Tuesday, November 06, 2018

Speaker Richmond?

CNN Exit poll says maybe let's not give the gavel back to Nancy.
The Democratic Party has slightly higher favorability than the Republican Party in preliminary data from CNN's national exit poll. About half of voters said they had a positive view of the Democratic Party, while the Republican Party is upside down, with slightly more than 40% saying they had a positive view of the Republicans.
The downside for Democrats is an extremely low favorable rating for Nancy Pelosi, the woman who would like to again be Speaker of the House if Democrats win control of the House of Representatives. Only about three-in-10 voters had a positive view of Pelosi and more than half had an unfavorable view. In fact, more voters had an unfavorable view of Pelosi than had an unfavorable view of President Trump, according to preliminary results.
He's downplaying it this week, but you can see the possibilities here for Cedric Richmond
Richmond said he would consider running for a leadership post should the House flip to Democratic control. But any position he might seek will depend on the moves of his colleagues, particularly his longtime friend Assistant Democratic Leader James Clyburn, of South Carolina.

Clyburn has said he would likely run for speaker of the House if former Speaker U.S. Rep Nancy Pelosi declines to do so. For his part, Richmond said he would support Clyburn if he were to make a bid for the gavel.

Richmond said he would defer to Clyburn before running for several available spots. Any position in the Democratic leadership, however, would help Louisiana's relatively junior delegation punch above their weight. Richmond would also be in line to lead a subgroup of the House Judiciary or House Homeland Security committees on which he now serves, he said.
Okay so probably Cedric isn't going to be Speaker. But he's clearly going to be in a top leadership position.

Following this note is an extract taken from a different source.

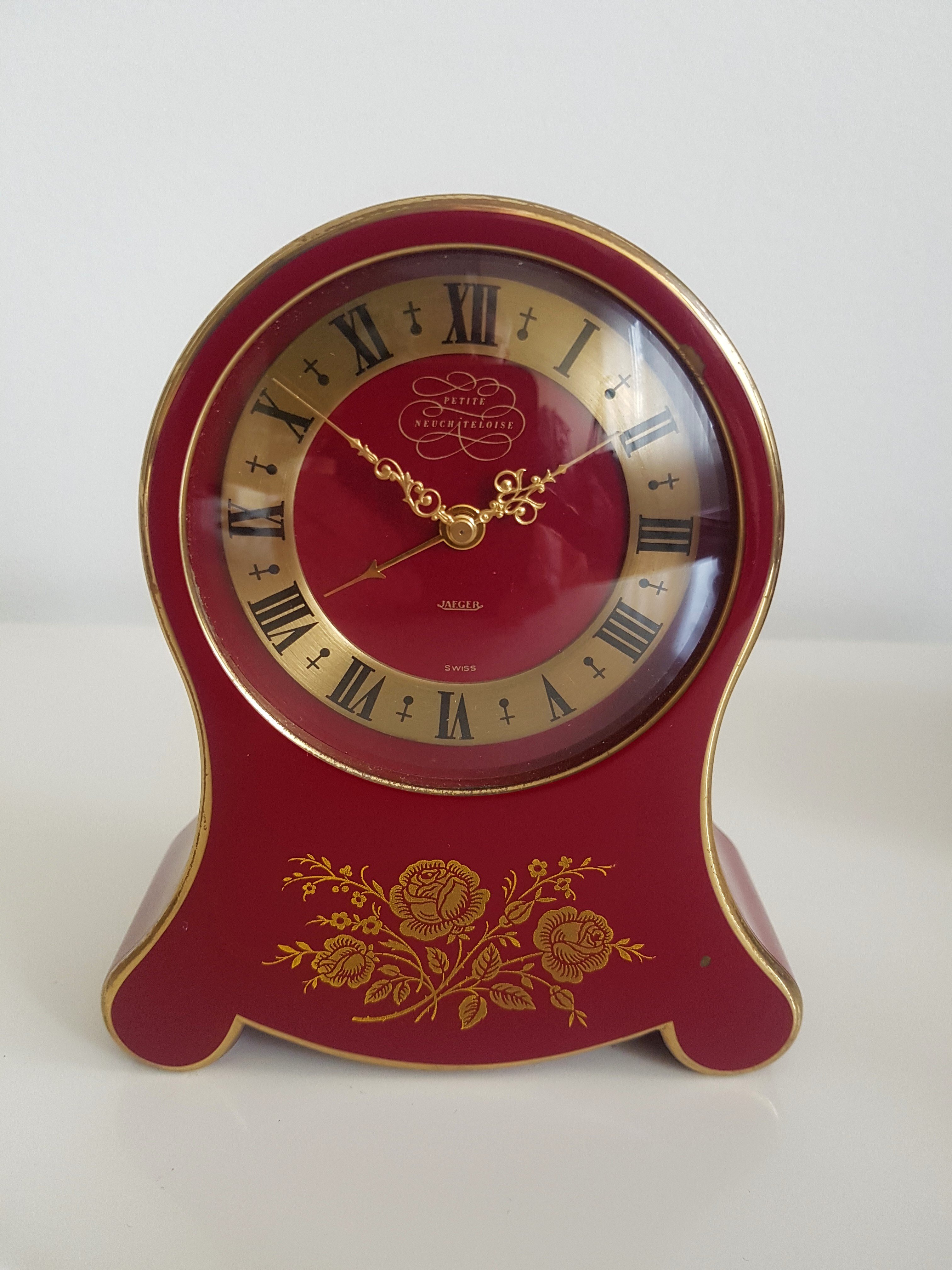 2. Here a Jaeger Le Coultre 8 day Petiite Neuchateloise alarm clock in lovely vintage condition. The dark red and gilt case is in excellent shape and has flower motifs, a gold and black Roman numeral dial and golden fancy hands. This one is running but intermittently starting and stopping and will need a clean. So with a service in mind- €100 SOLD

Theoretically this is "good" for us down here in his district.  At least it would be if there were more money on the table for local government in Washington right now.  But the current mood there is still predisposed toward austerity and privatization.  And that isn't likely to change just because the Democrats hold a slim majority in the House.  It's better for us than the current situation. But not great.

Also there are other issues with Cedric.  I'd love to expound on this but I'm going to be geeking out on election returns for the next few hours. So, instead, let's see what the DSA election guide had to say about our guy.
Cedric Richmond is concerned that the Democratic Party might be moving too far to the left. Shortly after Alexandria Ocasio-Cortez’s primary victory over establishment Democrat Joe Crowley in New York this spring, Richmond told the New York Times he worries that while figures like Cortez and Vermont Senator Bernie Sanders are “fighting for [their] principles on what direction the party should go, we don’t really have anybody doing it on behalf of moderates and other Democrats. It has become a one-sided conversation.”  We here in the midst of the leftist insurrection think Cedric is exaggerating our influence just a tiny bit. But we are pleased to see him take notice. What we’ve noticed is Richmond has put in more than his share of “doing it on behalf of moderates.”

Richmond has resisted calls to abolish ICE telling us, “The men and women of ICE are federal employees who do their jobs admirably.”  He also said the Baton Rouge police crackdown on Black Lives Matter protesters after the 2016 murder of Alton Sterling was “very reasonable.” Richmond’s own response to that incident, in fact, was a “bi-partisan solution” to help police buy more surplus military equipment. He has not signed on as a sponsor to John Conyers’ Medicare For All bill and has instead chosen to support a hybrid “consumer” driven buy-in scheme that preserves the private for-profit health care system.  Richmond has also gone out of his way to defend Scalise from criticism, which suggests to us his commitment is to solidarity with the political elite classes he circulates in rather than with the poor and working class people of the district he represents.

Interestingly, in the wake of Ocasio-Cortez’s win, Richmond also garnered comparisons to Crowley as the sort of conservative Democratic machine politician who might one day be vulnerable to grass-roots leftist opposition. Such an opposition campaign doesn’t exist this year. In the meantime, the best we can hope for is for Richmond to continue to be aware of the possibility and lend a more attentive ear to leftist concerns as he moves up the seniority ladder in the House.
So.. not great. But certainly more.. um.. persuadable than a Speaker Scalise would have been.  That's the hope, anyway.